Heap Resizing by BiSheng JDK

In modern containerized deployments, most users' container environments support resource scale-up. However, OpenJDK has a significant limitation: its maximum heap size can only be configured at startup. This means it does not support online resizing, preventing Java applications from immediately using additional memory made available after a container scales up. Applications currently require a restart to reset their maximum heap. To address this limitation, BiSheng JDK introduces online heap memory resizing for the Garbage-First garbage collector (G1GC). This allows users to dynamically update the Java heap memory limit while an application is running, eliminating the need for a JVM restart.

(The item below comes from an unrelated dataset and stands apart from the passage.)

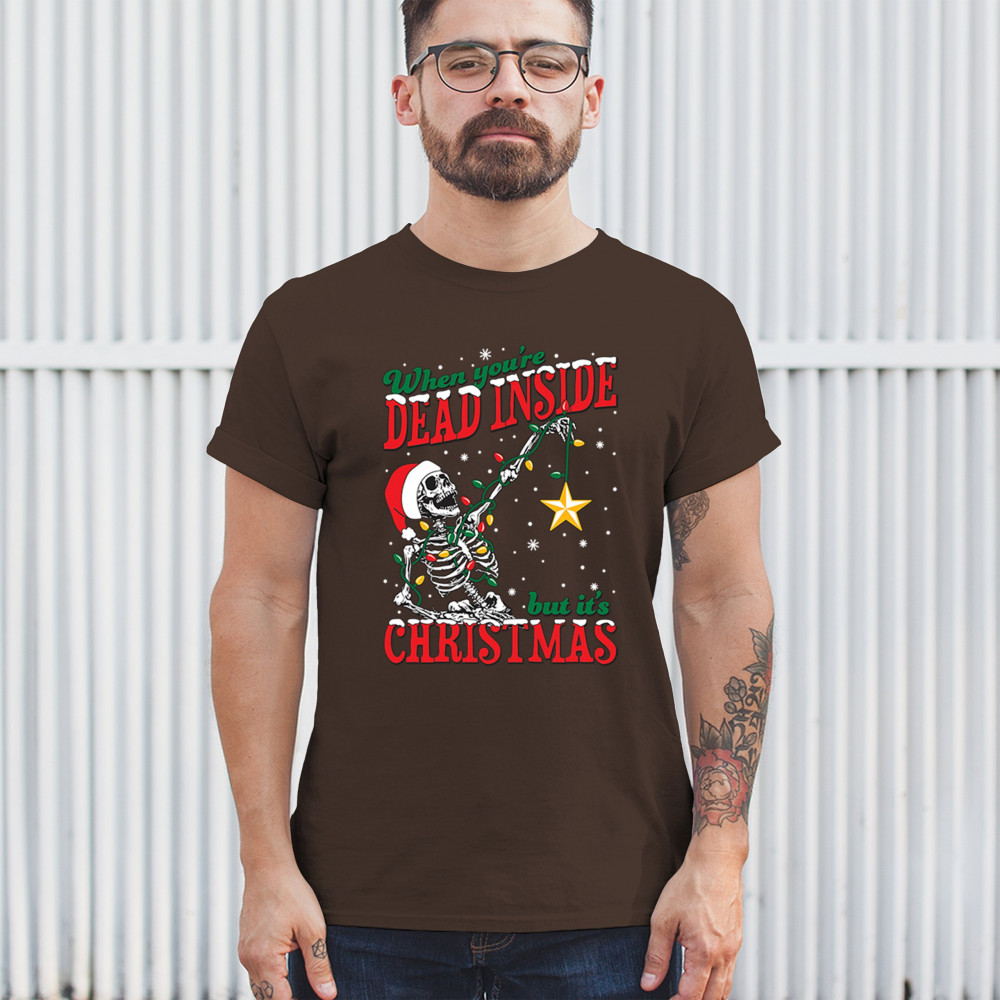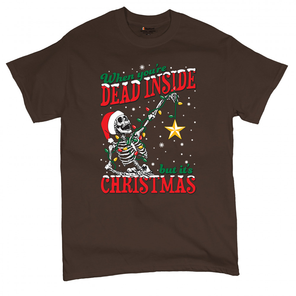 Celebrate humor and holiday spirit with the "When You're Dead Inside But It's Christmas" skeleton design. Perfect for parties and unique gifts.

This capability is crucial for Internet and other container-based deployments that require Java application heap memory to resize online in response to container resource scale-up.

UDF Automatic Native Framework

The UDF automatic native framework addresses the inefficient JVM execution often seen in open-source big data systems. It automatically converts Java user-defined functions (UDFs) into C/C++ native UDFs, significantly boosting big data processing performance through efficient memory management and hardware affinity. Essentially, the framework implements a seamless, automatic Java UDF native acceleration mechanism. It comprises the UDF parser, UDF IR optimizer, UDF code generator, and UDF code compiler modules.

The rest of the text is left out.